Oberon regarded Nath in perplexed silence, and so I took the lead. “My, uh…lady?” I guessed—Nath’s voice sounded somewhat feminine, but the shape visible under its robe offered no hint as to gender.
Nath’s head bobbed. “‘Lady’ is sufficient
ly close,” it—she—replied. “Lords of Faerie, do you desire war?”
“No. With your leave, I’ll take my daughter and trouble you no longer.”
“A moment,” she said, then looked about her as if seeing the citadel for the first time. Four of her eyes squinted closed, and in the space of a long exhalation, the rock around us vanished, leaving the entire company standing in the black sand beneath the realm’s slate-hued sky. Before my eyes finished adjusting to the light, the temperature had risen at least thirty degrees, making my jacket unnecessary and at least lessening half-dressed Oberon’s discomfort. The bottom of Nath’s robe shifted, and I saw her long toes digging down into the sand as she smiled. “I have been entombed alive too long,” she murmured, catching my eyes, then raised her arms into the air as a wide circle of silver-leafed trees rose from the wasteland around us. Another tree began to sprout at the circle’s heart, but twisted itself into a generously-proportioned throne of black wood overhung by a living canopy. The crowd parted for its new queen as Nath climbed the three short steps to the throne and seated herself without further ceremony. “Now,” she said, beckoning to Oberon and me, “we may treat.”
“After you,” he muttered.
I led the way across the expanse, skirting Geheret’s body and ignoring my siblings, who had congregated in a little knot beside the corpse. “Lady Nath,” I began, pausing a respectful distance from the throne, “I want only what is mine.”

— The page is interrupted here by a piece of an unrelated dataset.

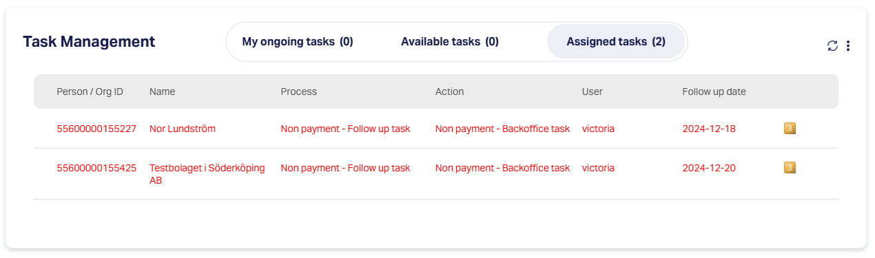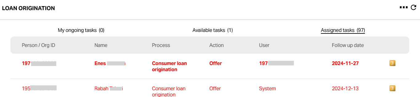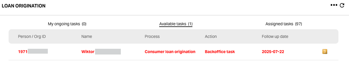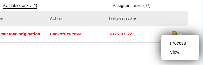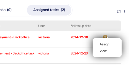 Action Menu: A yellow numbered icon indicating task options. The number's meaning is system-specific. Clicking it opens two options: Assign or View

She cocked her head and gestured toward Moyna. “If I am not mistaken, the child came of her own accord.”
“And as you are aware, she is a child.”
“And foolish, yes. Though I have no such excuse for the others,” she added, glancing at my siblings. “Still, the girl is of no use to me, and I have nothing to gain by holding her captive. I return her to you willingly, Lord Coileán, and suggest that you guard her better in the future.”